1. ## Cauchy Criterion

Theorem. If $f$ is Riemann integrable then its Riemann sums satisfy the Cauchy Criterion for the existence of the integral.

Cauchy Criterion: For every $\epsilon >0$, there exists $\delta >0$ such that if $P$ is a partition of $[a,b]$, with $||P|| < \delta$ and $\mathcal{R}_{1}(f,P)$ and $\mathcal{R}_{2}(f,P)$ are Riemann sums of $f$ on $P$, then $|\mathcal{R}_{1}(f,P)-\mathcal{R}_{2}(f,P)| < \epsilon$.

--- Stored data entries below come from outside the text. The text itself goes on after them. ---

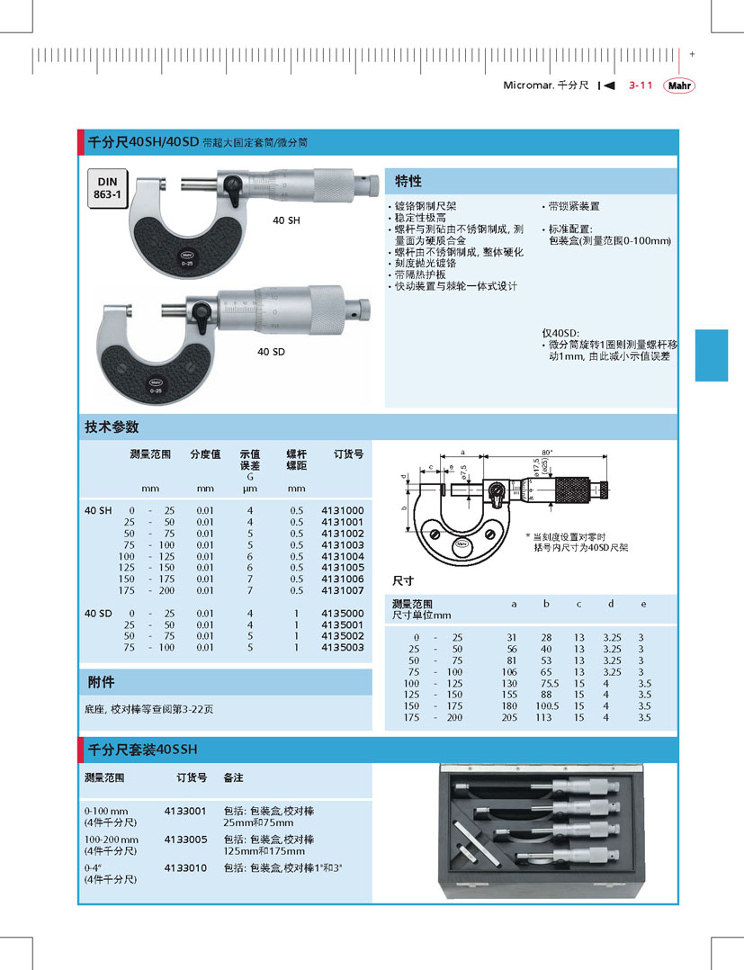 德國馬爾機(jī)械式千分尺40SH,4131001
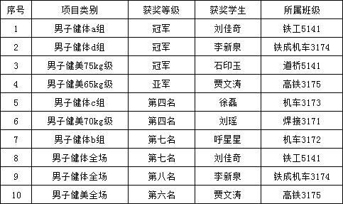 7月3日--7月7日,由中国大学生体育协会主办,中国大学生体育协会职业教育学校体育工作委员会执行,北京工业职业技术学院承办的全国高等职业院校的健身健美锦标赛在北京举行,本次比赛共有来自全国27支代表队、300多位大学生参赛。比赛设阳光组、精英组和超级组三个组别,学院由陈伟、王宏两位老师带领7名学生参加了阳光组全部7个项目的比赛,全体队员在比赛中不畏强敌,发挥出色,勇夺3项金牌、1项银牌、2项第四名,并获得团体总分一等奖和“体育道德风尚奖”。陈伟老师荣获“优秀教练员”称号,王宏老师荣获“优秀指导员”称号,高铁3175班贾文涛荣获“优秀运动员”称号。(任文)
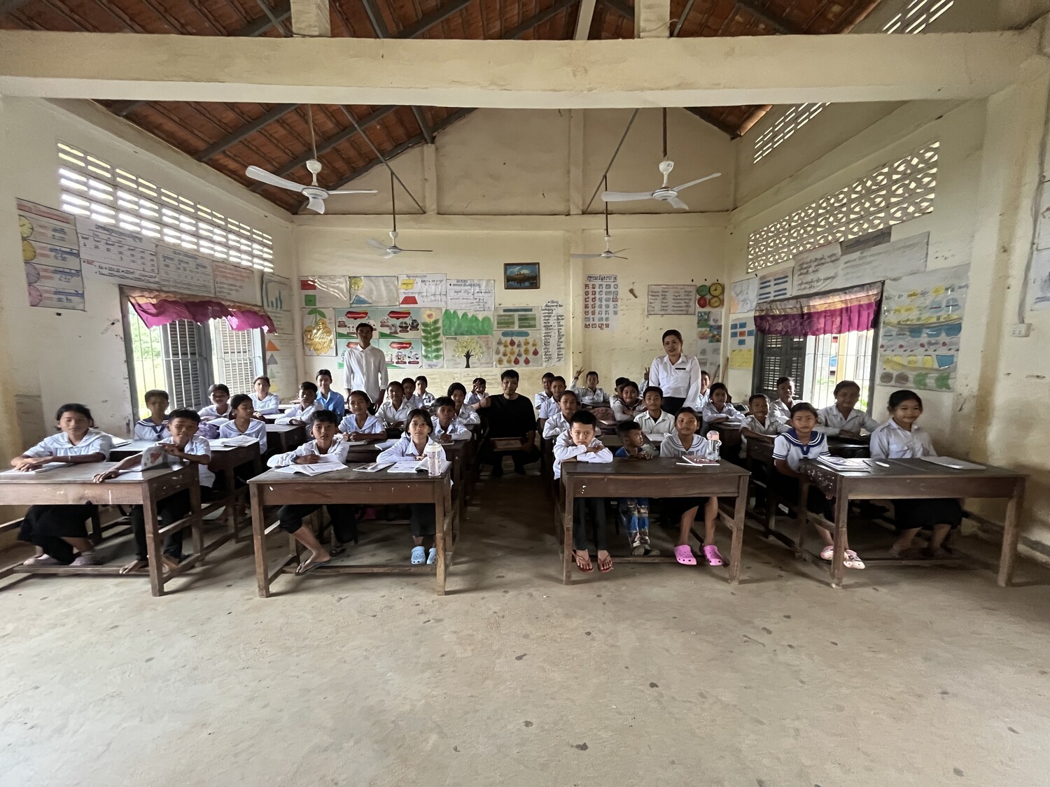 2025年5月20日 コンポンスプー Boeung Khnar小学校教室にシーリングファンを設置120$
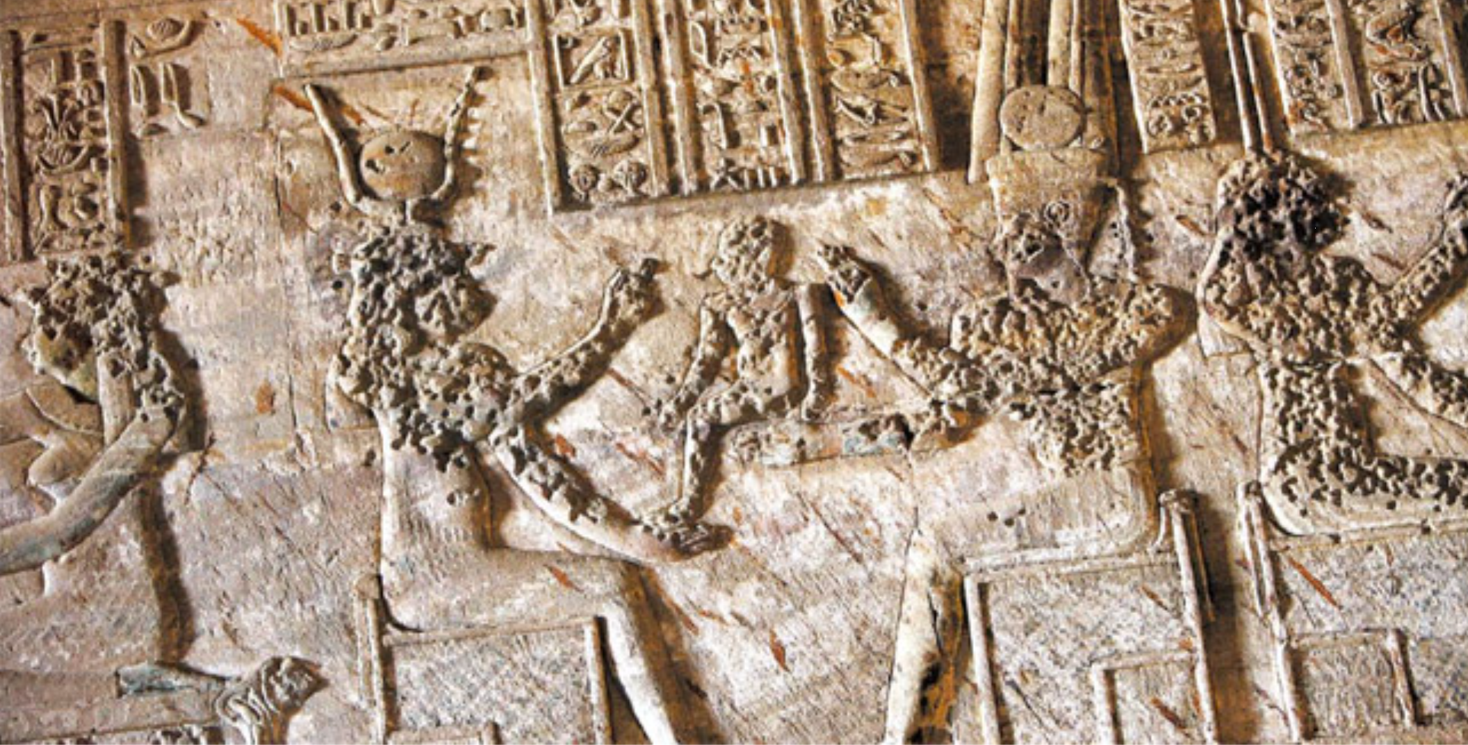 ▲ 이집트 테베지역 덴데라에 있는 하토르신전(Temple of Hathor)의 입구 오른쪽에 있는 탄생의 방(mammisi, birth house) 벽면에는 오시리스(오른쪽)와 이시스(왼쪽) 사이에서 태어난 아기 호러스(가운데)가 조각되어 있다. 그런데 이 모습은 아기예수 탄생설화와 겹쳐서 이해되었기 때문에 기독교인들은 이것을 용인할 수 없었다. 그래서 그 아름다운 조각을 모두 정(釘)으로 쪼아버렸다(5~6세기). 신앙이 이런 짓이나 열심히 하는 행위라고 한다면 한번 기독교신앙의 의미를 본질적으로 반추해볼 만하다.
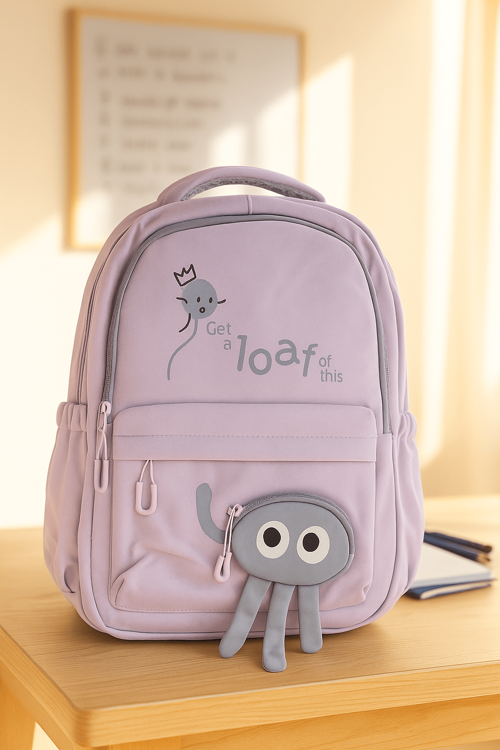 Стилна и практична раница с модерен дизайн, подходяща за училище, работа или пътуване. Раницата разполага с три удобни отделения с цип за лесна организация на учебници, лаптоп и аксесоари, плюс малко джобче с забавен дизайн, както и джоб в задната част, без цип. Има и две странични джобчета подходящи за бутилки с вода.

Proof. Suppose $f$ is Riemann integrable on $[a,b]$. Then for all $\epsilon>0$, there exists $\delta >0$ such that $|\mathcal{R}(f,P)-I| < \epsilon$ whenever $\mathcal{R}(f,P)$ is a Riemann sum for $f$ corresponding to a partition of $[a,b]$. Thus $|\mathcal{R}_{1}(f,P)-I| < \epsilon/2$ and $|\mathcal{R}_{2}(f,P)-I| < \epsilon/2$. Hence $|\mathcal{R}_{1}(f,P)- \mathcal{R}_{2}(f,P)| < \epsilon$. $\diamond$

Correct?

Also could we replace $\mathcal{R}_{1}(f,P)$ and $\mathcal{R}_{2}(f,P)$ with $\mathcal{U}(f,P)$ and $\mathcal{L}(f,P)$. And so the inequality would then be: $|\mathcal{U}(f,P)-\mathcal{L}(f,P)| < \epsilon$? Because these are not necessarily Riemann sums.

2. Basically $\epsilon/2$ was arbitrary.